MEMORANDUM OF OPINION

I. Introduction

This case stands as proof of the regrettable proposition that debtors are bound by the actions and inactions of their lawyers. American Education Services ("AES"), one of Debtor's student loan creditors, did not file proofs of claims in this case. In order to ensure that his debt to AES would be paid through his plan, Debtor filed claims on AES' behalf. See 11 U.S.C. § 501(c). But Debtor was late—over 19 months late—and the chapter 13 trustee ("Trustee") objected. Now, Debtor asks the court to allow the late-filed claims under Rule 9006 of the Federal Rules of Bankruptcy Procedure, arguing that his failure to meet the deadline was the result of excusable neglect. The court disagrees. Therefore, the court will sustain the Trustee's objections and disallow the claims.

II. Jurisdiction

The court has subject matter jurisdiction of this case under 28 U.S.C. § 1334 and the general order of reference issued by the United States District Court for the Northern District of Ohio.

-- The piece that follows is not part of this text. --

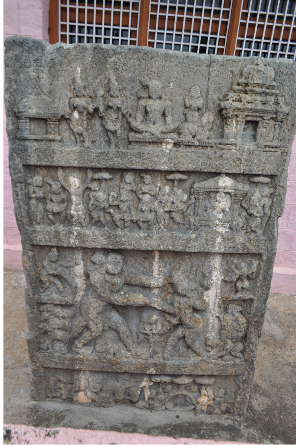
Plate 6: Sluice gate, Honnayakanahalli
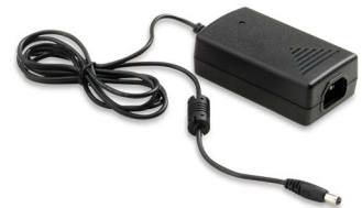
U1780A Power adapter and cord (according to country)

General Order 2012-7. This matter is a core proceeding and the court has authority to enter final orders. 28 U.S.C. §157(b)(2)(B); Bavelis v. Doukas (In re Bavelis), 773 F.3d 148, 156-57 (6th Cir. 2014). Pursuant to 28 U.S.C. §§ 1408 and 1409, venue in this court is proper. This opinion constitutes the court's findings of fact and conclusions of law in accordance with Rule 7052 of the Federal Rules of Bankruptcy Procedure.1

This opinion is not intended for publication or citation. The availability of this opinion, in electronic or printed form, is not the result of a direct submission by the court.

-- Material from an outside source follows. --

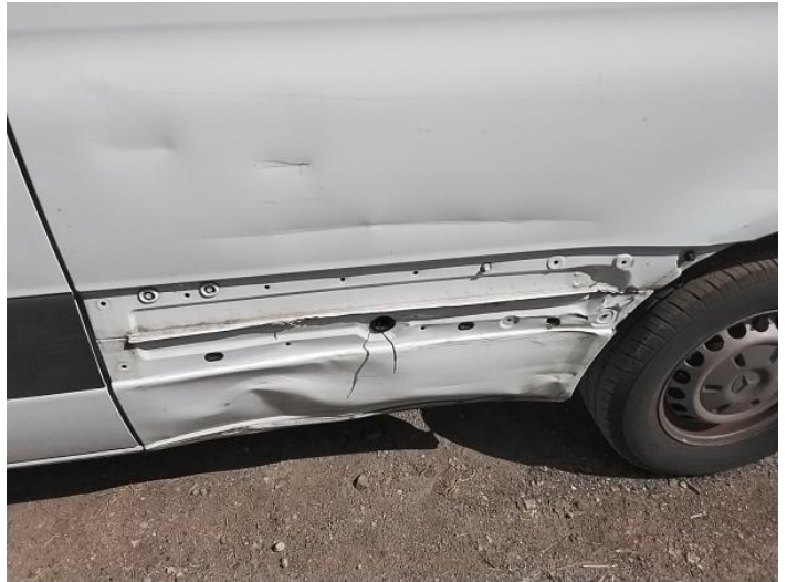
22: Unclassified Substantial Accident Damage Report Only
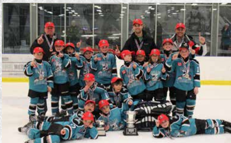
ORILLIA TERRIERS NOVICE CENTRAL AE 1

III. Factual & Procedural Background

Debtor filed a petition for relief under chapter 13 of the Bankruptcy Code on August 30, 2017. At the time of filing, Debtor was represented by attorney Matthew Petit ("Petit"). In Schedule E/F of his petition, Debtor listed "AES/Chase" as an unsecured student loan creditor with claims in the aggregate amount of $129,191.38. AES had until January 16, 2018 to file proofs of claims but failed to do so.2

The court confirmed Debtor's amended chapter 13 plan (the "Plan") on April 12, 2018. According to Debtor, the Plan is expected to provide a 7% dividend to general unsecured creditors.

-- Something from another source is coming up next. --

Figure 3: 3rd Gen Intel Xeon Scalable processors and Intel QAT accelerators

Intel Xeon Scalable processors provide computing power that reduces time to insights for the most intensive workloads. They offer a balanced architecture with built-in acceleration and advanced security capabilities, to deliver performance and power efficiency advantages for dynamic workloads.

In June of 2018, Debtor forwarded Trustee a copy of an email he sent to Petit raising concerns about his case. Debtor had apparently been unable to reach Petit since April 27, 2018. Debtor sought clarification whether all creditors were included in his Plan. Based on Debtor's email and Trustee's communications with Petit, Trustee filed a motion for an order requiring Debtor and Petit to appear and show cause. In the motion, Trustee sought to reduce Petit's attorney fees based on his lack of diligence in the case.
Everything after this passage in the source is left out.